I propose that when some disturbing waking experience is reactivated in sleep and carried forward into REM, where it is matched by similarity in feeling to earlier memories, a network of older associations is stimulated and is displayed as a sequence of compound images that we experience as dreams. This melding of new and old memory fragments modifies the network of emotional self-defining memories, and thus updates the organizational picture we hold of ‘who I am and what is good for me and what is not.’ In this way, dreaming diffuses the emotional charge of the event and so prepares the sleeper to wake ready to see things in a more positive light, to make a fresh start. This does not always happen over a single night; sometimes a big reorganization of the emotional perspective of our self-concept must be made — from wife to widow or married to single, say, and this may take many nights. We must look for dream changes within the night and over time across nights to detect whether a productive change is under way. In very broad strokes, this is the definition of the mood-regulatory function of dreaming, one basic to the new model of the twenty-four hour mind I am proposing.

Towards the end of the book, Cartwright explores the role of sleep and dreaming in consolidating what we call “the self,” with another admonition against memory’s self-editing capacity:

[In] good sleepers, the mind is continuously active, reviewing experience from yesterday, sorting which new information is relevant and important to save due to its emotional saliency. Dreams are not without sense, nor are they best understood to be expressions of infantile wishes. They are the result of the interconnectedness of new experience with that already stored in memory networks. But memory is never a precise duplicate of the original; instead, it is a continuing act of creation. Dream images are the product of that creation. They are formed by pattern recognition between some current emotionally valued experience matching the condensed representation of similarly toned memories. Networks of these become our familiar style of thinking, which gives our behavior continuity and us a coherent sense of who we are. Thus, dream dimensions are elements of the schemas, and both represent accumulated experience and serve to filter and evaluate the new day’s input.

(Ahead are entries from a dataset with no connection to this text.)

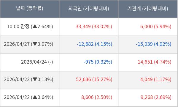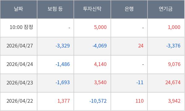 [표] 주요 기관별 순매매량 (단위 주)
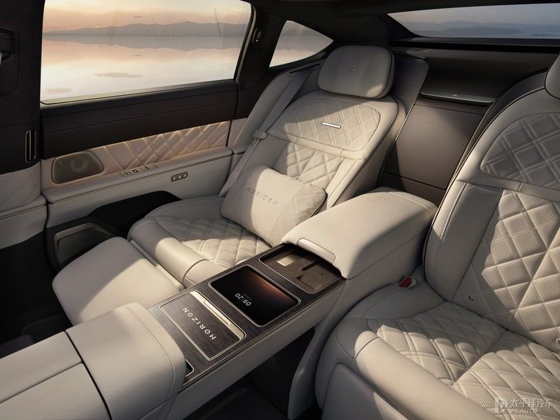 在配置方面,新车配备前后座椅通风/加热/按摩、10升车载冷暖冰箱、全车电吸门、9安全气囊、矩阵式LED大灯、前后多层隔音玻璃、后排隐私玻璃/电动遮阳帘、后排双14.5英寸娱乐屏、3个50W手机无线充电、3D环绕式氛围灯、35扬声器音响系统(总功率2800W)、四区空调、空气净化系统、ARNC主动降噪、方向盘加热、以及超大全景天幕等豪华配置。
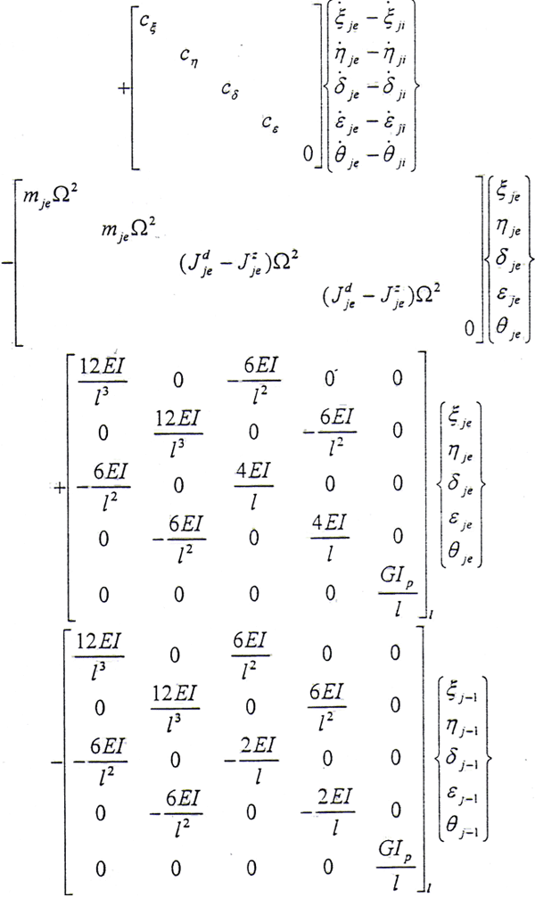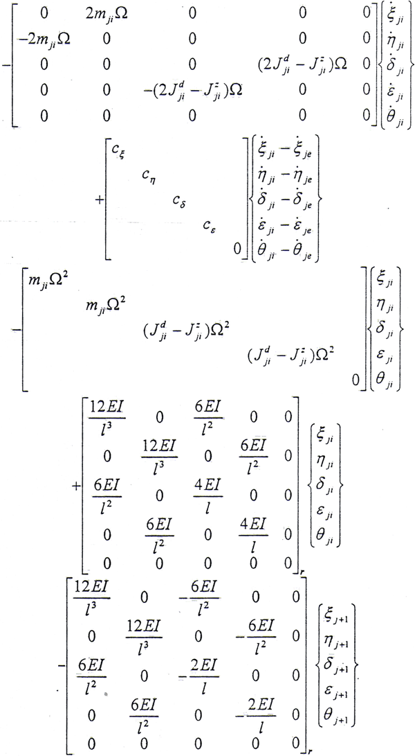 加到相應(yīng)結(jié)點(diǎn)處的運(yùn)動方程的左邊,即可得到在旋轉(zhuǎn)坐標(biāo)系中的軸承—轉(zhuǎn)子—齒輪聯(lián)軸器系統(tǒng)的運(yùn)動微分方程。

Sleep is a busy time, interweaving streams of thought with emotional values attached, as they fit or challenge the organizational structure that represents our identity. One function of all this action, I believe, is to regulate disturbing emotion in order to keep it from disrupting our sleep and subsequent waking functioning.

The rest of The Twenty-four Hour Mind goes on to explore, through specific research case studies and sweeping syntheses of decades worth of research, everything from disorders like sleepwalking and insomnia to the role of sleep in knowledge retention, ideation, and problem-solving.